Сколько прошло времени, они не знали. Он еле встал, прошлепал к столу, где оставил свой золоченый плоский «Полет», купленный наконец в прошлом месяце дефицит, — он успел снять часы, чтобы не оцарапать ее пряжкой ремешка. Оказалось, что время идет к ужину. Нина надела халат, пошла на кухню готовить, спустя несколько минут вышел в большую комнату и он. Мать сидела у окна, за которым было черное небо, чуть отсвечивающее золотом от столпившихся у нижнего края рамы городских огней, и смотрела в темноту. Когда он вышел, мать не обернулась.
— Пойдем ужинать, мам, — сказал он.
Мать молча встала и, перебирая руками по спинкам стульев и поверхности стола, потом нащупав в воздухе край приоткрытой двери, двинулась на кухню. Он взял ее за руку и повел.
— Ты рискуешь, — сказала мать, — молодость пройдет, а обида у Нины останется. Ты рискуешь сломать жизнь себе и ей. Ради чего?
Он промолчал.
Ужинали гречневой кашей, гречку Нина случайно купила — набежала, когда еще не было очереди, и стала первой — в каком-то малоизвестном продуктовом возле своего института, и готовыми котлетами по двенадцать копеек, микояновскими. А любимую матерью свежую докторскую колбасу теперь не всегда можно было застать даже в Елисеевском. Потом пили чай с вареной сгущенкой, пять банок сгущенки принес недавно он, а ему помог достать один парень, работающий в «Диете» на Горького, которому он наконец принес давно этим пижонистым товароведом заказанную настоящую американскую махровую красную рубашку, такие теперь назывались батниками, а махровый батник был пределом желаний любого модника, даже и товароведа.
Говорили о нейтральном — о Кубе, о Кеннеди и его жене, о том, что никто почему-то не испугался войны, а ведь могло начаться, о Хрущеве, который, конечно, обделался, но молодец, что обделался вовремя. Мать понижала голос и то и дело смотрела невидящими глазами на дверь, но он успокаивал — теперь и не такое говорят, да и нет же ведь никого в доме, а телефон далеко.
После ужина включили телевизор, «Рекорд» пошел голубыми волнами, потом появилась Гелена Великанова, но звука не было, потом появился и звук, но Великанову слушать осталась только мать, выключать телевизор она умела сама, на ощупь, а они снова пошли к себе, в дядипетину комнату, и не спали еще полночи, потом заснули, потом проснулись и снова не спали часа полтора, и у него наконец не стало сил, и окончательно проснулись они уже в одиннадцатом часу утра.
Глава четвертая. Одесса
С утра ребята приходили завтракать, приносили с собой рыночный творог и свежий хлеб, купленный по дороге в ларьке.

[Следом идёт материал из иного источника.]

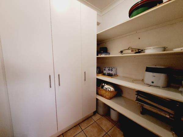 A modern kitchen with a breakfast bar, gas hob, eye-level oven and a separate pantry
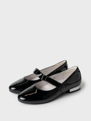 Школьные туфли для девочки подростка выполнены из искусственной лаковой кожи. Чересподъемный ремень имеет резинку с внутренней стороны, поэтому туфли легко обувать.

Завтракали в саду. Любовь Соломоновна, знакомая Бурлаковых, у которой они с Ниной поселились — несмотря на возражения и даже обиду Нининой матери, они настояли на своем, жить в бурлаковской двухкомнатной квартире, все время на глазах у родителей и Нининой младшей сестры Любки, вредной и надоедливой девчонки, не хотели, — ничего не имела против почти постоянного присутствия на участке большой молодой компании. А вечерами, если у ребят не было настроения идти гулять и располагались во дворе, она даже присаживалась вместе со всеми за длинный дощатый стол под сливой, пила сладкую «Лидию» и, когда начинали петь под киреевскую гитару, подтягивала то, что знала, или с удовольствием слушала.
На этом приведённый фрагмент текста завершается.